Все было очень просто. Выполняя поручения сэра Фрэнсиса Уолсингема в Шотландии и во Франции, мастер Кит и не такие шахматные партии разыгрывал. Это его развлекало – прямо у него на глазах рождались сцены комедии или же трагедии, смотря с какой стороны посмотреть. Причем тогда он чаще всего действовал в одиночку. А противостояли ему чаще всего хитрые фанатики ордена Иисуса, который, казалось бы, самый молодой из католических орденов, а как разросся, каких молодых и отважных адептов призвал под свои знамена! Его девиз мастер Кит навеки запомнил – «In hoc signo vinces», «Во имя этого знамени победишь». Орден отчаянно рвался к власти, натравливая всех, кого только мог, на несгибаемую королеву Бесс. Но были люди, служившие ей незримо, хитростью и шпагой, и мастер Кит даже гордился этим служением.
Он многое умел и понимал, что именно для таких дел его привезли из Холмогор в Москву и сдали с рук на руки Меррику. Но мастер Кит был зол на того, кто его насильно притащил в этот дикий город, даже не разговаривал с Арчи, и недоволен тем, что Меррик мало с ним считался.
Старуху удалось без приключений доставить на Английский двор. И там она рассказала все, что удалось подслушать.
Началось с того, что одна из девок боярыниной светлицы завершила многоцветную вышивку шелками, а потом куски собрали, сшили, и получилась дивной красы сорочка. Сама боярыня хвалила Марфицу, подарила ей серьги-«лапки», каких боярышня Аксинья уже не носила, и обещала отдать замуж за кучера Авдея. Все толковали, что такую сорочку хоть самому государю дарить впору. Ее красиво уложили в шелковый мешочек, также вышитый, и держали на видном месте. Вдруг боярыня велела молодому истопнику Федьке отнести мешочек в покои боярина. Девкам стало любопытно: для кого? Степаниде Прокопьевне также стало любопытно: что за знатный гость пожаловал?
Она втихомолку покровительствовала рукодельнице Марфице, обещая отказать ей после смерти все свои имущества. Та свою выгоду понимала. Поэтому Марфица, отправившись подслушивать и подсматривать, позвала ее с собой. Они прокрались через боярынины покои и спустились по той самой лестнице, по которой Марья Григорьевна ходила к мужу, когда он ее звал. Они уже давно не спали в одной постели, но встречались то в его, то в ее опочивальне.
Так Степанида Прокопьевна и услышала разговор с молодым степняком.
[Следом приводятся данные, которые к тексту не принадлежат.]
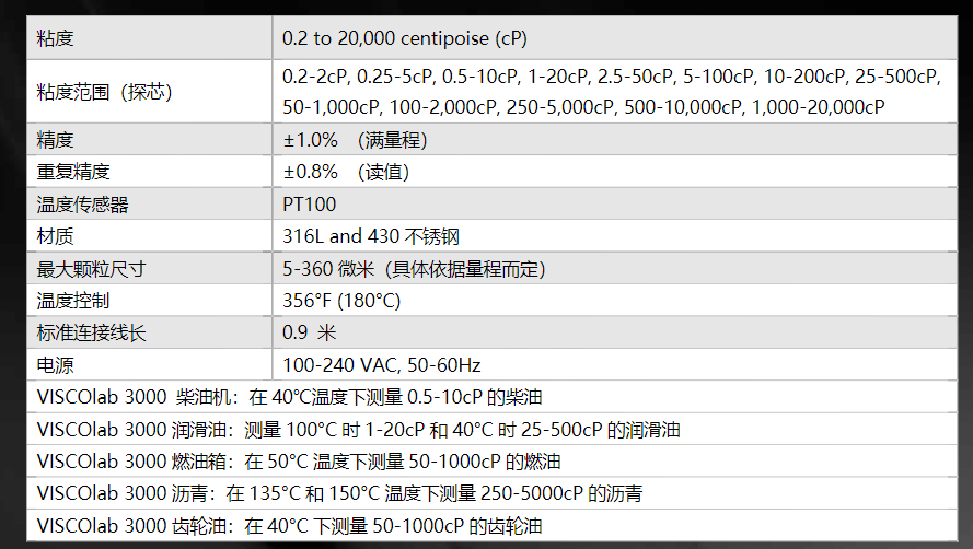 小樣品粘度計集成了一個電子加熱器和綜合的溫度控制系統,可提供連續的粘度和溫度讀數可在12個20:1粘度范圍內進行測量。粘度可顯示為CP或CST,溫度可顯示為°C或°F。集成溫度控制允許用戶在高于環境溫度至356°F(180°C)和高于環境溫度至-40°C的任意設置下進行測量,并配備可選的冷卻套。該傳感器易于現場校準。可以預先校準多個工作范圍和產品設置。數據可以通過RS-232串行端口輸出到PC,用于跟蹤、存儲或圖形顯示。電子設備允許用戶定義溫度和粘度顯示單位、數據平均間隔、密度等。電子設備還提供數字讀數,以及樣本穩定性的統計數據,使測試和操作員之間具有更大的重復性。主要特征易于使用和維護 cP和cst的數字顯示 存儲多達40個特定于產品的測試設置 可拆卸的溫控循環套和蓋子增強功能 所需液體少于2ml,最大限度地減少產品浪費 需要少量的工作臺空間 便攜 內部加熱器,用于溫度控制在40/50/100/135/150°C等各種條件高精度和可靠性 軟件多次測量樣品,直到標準偏差小于0.2%,然后根據ASTM D7483顯示粘度值適用范圍0.2至20000cP的粘度測量值標準方法符合ASTM D7483標準 相關于ASTM D445標準。

Потом она, понимая, что за такие сведения Татьяна заплатит, стала думать, как бы встретиться, и вдруг сделалась до того богомольна, что чуть ли не на весь день уходила в Успенский собор и мерзла там, выстаивая долгие службы. Наконец несколько дней спустя Татьяна ее отыскала.
Говорила старуха бессвязно, перескакивала с пятого на десятое, но Меррик сперва успокоил ее целыми пятью алтынами, потом стал спокойно задавать вопросы. Он примерно таких сведений из годуновских палат и ждал, только не думал, что горячий Ораз-Мухаммад сам кинется уговаривать всевластного боярина.
Потом Меррик отправил старуху с Татьяной и Диком, чтобы скоренько довели, а точнее сказать – подхватив под локотки, донесли до заднего двора годуновских палат, чтобы, поскользнувшись, не грохнулась. Нужно было торопиться, покамест еще в последней из церквей не завершилась служба и кремлевские ворота открыты.
Словесных хитросплетений Годунова старуха, конечно, не поняла. Не поняла, но запомнила. И сумела передать главное – боярин будет ласков, благодушен, приготовит дары, но получивший дары уйдет от него, в сущности, ни с чем.
– Ну что же, мастер Кит, грядут любопытные события, – сказал Меррик. – По всему выходит, что киргиз-кайсацкое посольство прибыло сюда зря. Господин Годунов решил не жертвовать союзом с калмыцкой ордой. Ораз-Мухаммада боярин тоже ни за что не отпустит. Так что – ни пищалей, ни воеводы… А возвращаться с пустыми руками к своему повелителю Кул-Мухаммад не захочет. Он что-то предпримет… Может быть, мастер Кит, мы могли бы дать ему хороший совет.
Мастер Кит насторожился. Вот тут его способности бы пригодились…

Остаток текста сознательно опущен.